Thanks to the authors for the response -- I will keep my 6 score, especially in absence of comparison with NPE benchmarks.
This paper introduces a method to improve flow-based generative models for simulation-based inference by incorporating simulator feedback through control signals. The key idea is to refine a pretrained flow network with additional control signals based on simulator outputs, which can include gradients and problem-specific cost functions for differentiable simulators or learned signals from non-differentiable simulators. The authors demonstrate their method on several benchmark problems and show substantial improvements in accuracy (53%) while maintaining fast inference times (up to 67x faster than MCMC) on a challenging strong gravitational lensing application.
优点
- The paper tackles an interesting problem of incorporating simulator feedback into generative models trained with flow matching. With the recent interest in the flow matching for learning generative models, the problem of incorporating downstream rewards, e.g. simulator feedback, is a critical one. This paper presents one of the first efforts in that direction (based on my knowledge).

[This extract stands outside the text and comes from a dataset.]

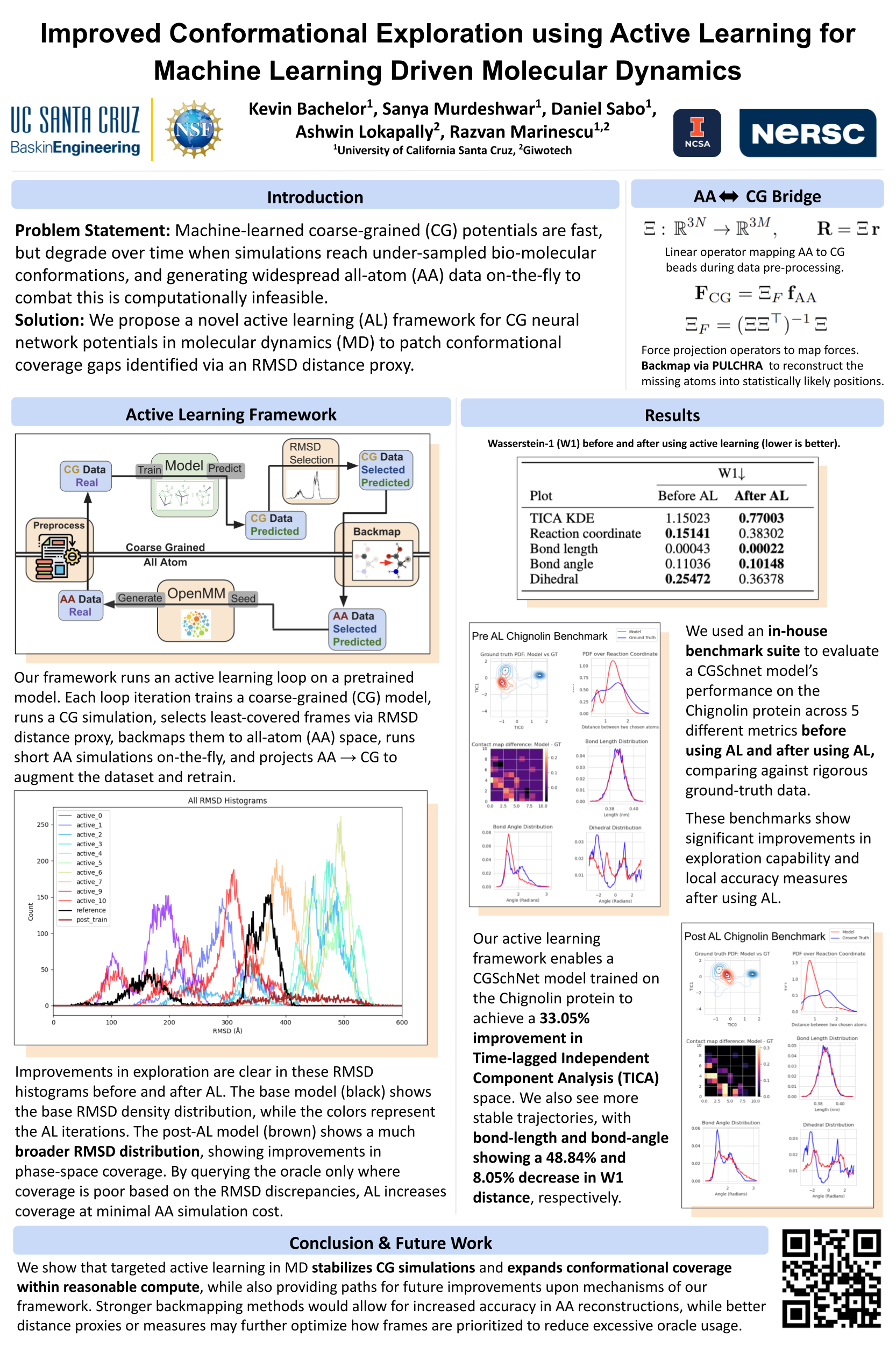 Machine-learned coarse-grained (CG) potentials are fast, but degrade over time when simulations reach under-sampled bio-molecular conformations, and generating widespread all-atom (AA) data to combat this is computationally infeasible. We propose a novel active learning framework for CG neural network potentials in molecular dynamics (MD). Building on the CGSchNet model, our method employs root mean squared deviation (RMSD)-based frame selection from MD simulations in order to generate data on-the-fly by querying an oracle during the training of a neural network potential. This framework preserves CG-level efficiency while correcting the model at precise, RMSD-identified coverage gaps. By training CGSchNet—a coarse-grained neural network potential—we empirically show that our framework explores previously unseen configurations and trains the model on unexplored regions of conformational space. Our active learning framework enables a CGSchNet model trained on the Chignolin protein to achieve a 33.05\% improvement in the Wasserstein-1 (W1) metric in Time-lagged Independent Component Analysis (TICA) space on an in-house benchmark suite.

- The application to the lensing problem is quite interesting. Generative models are well suited to such scientific inverse problems, and this method could be a useful addition to the toolbox for such problems.

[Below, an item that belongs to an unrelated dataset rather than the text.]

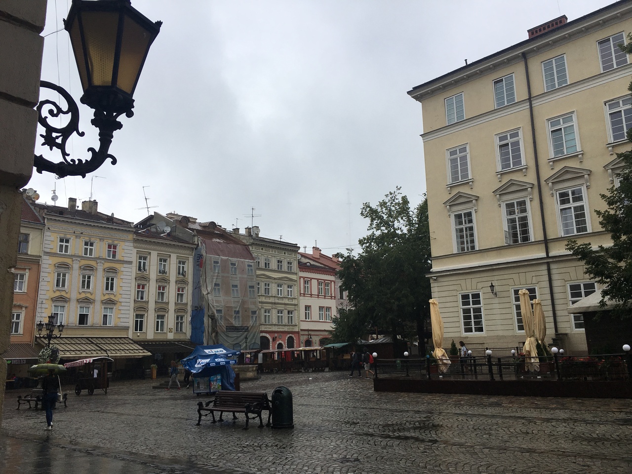 ウクライナの古都リヴィヴは、その歴史的経緯からポーランド、スウェーデン、ドイツ、ソ連などといった国から侵略や統治を受けてきました。その中でもこのリノック広場=市場の広場は旧市街地の中心であったため、もともと上流階級が住んでおり16世紀建造の建物に囲まれています。

- The method supports feedback from black-box simulators as well as differentiable simulators where gradient feedback is available.
- The method also provides considerable speed-ups in the simulation over other approaches.
- The paper is also quite clearly written and easy to follow.
缺点
- The empirical evaluation seems quite a bit limited. Specifically, the paper only considers a single applicaiton on strong gravitational lensing. The other synthetic tasks are quite small and it is unclear how general the method is. Moreover, the results on the gravitational lensing experiment, the results are not convicing. The residuals indicate the samples are not capturing the posterior. Finally, the authors consider a relatively simple variant of the problem (23D). In this setting FM + simulator feedback just acts as a faster approximation to MCMC. Where FM + Simulator feedback might have an advantage is high dimensional unstructured data (e.g. images in the case of lensing)
- Another shortcoming of the empirical evaluation is the relatively limited baselines. There are several approaches for unbiased inference with diffusion priors (like DPS) [1-4], so it would be good to add comparisons to some of these baselines.
- There is some missing discussion about related work about the guidance of flow matching models [5-6].
- The code to reproduce experiments is not provided though there are sufficient details in the paper.
[1] Wu, Z., Sun, Y., Chen, Y., Zhang, B., Yue, Y., & Bouman, K. L. (2024). Principled Probabilistic Imaging using Diffusion Models as Plug-and-Play Priors. arXiv preprint arXiv:2405.18782.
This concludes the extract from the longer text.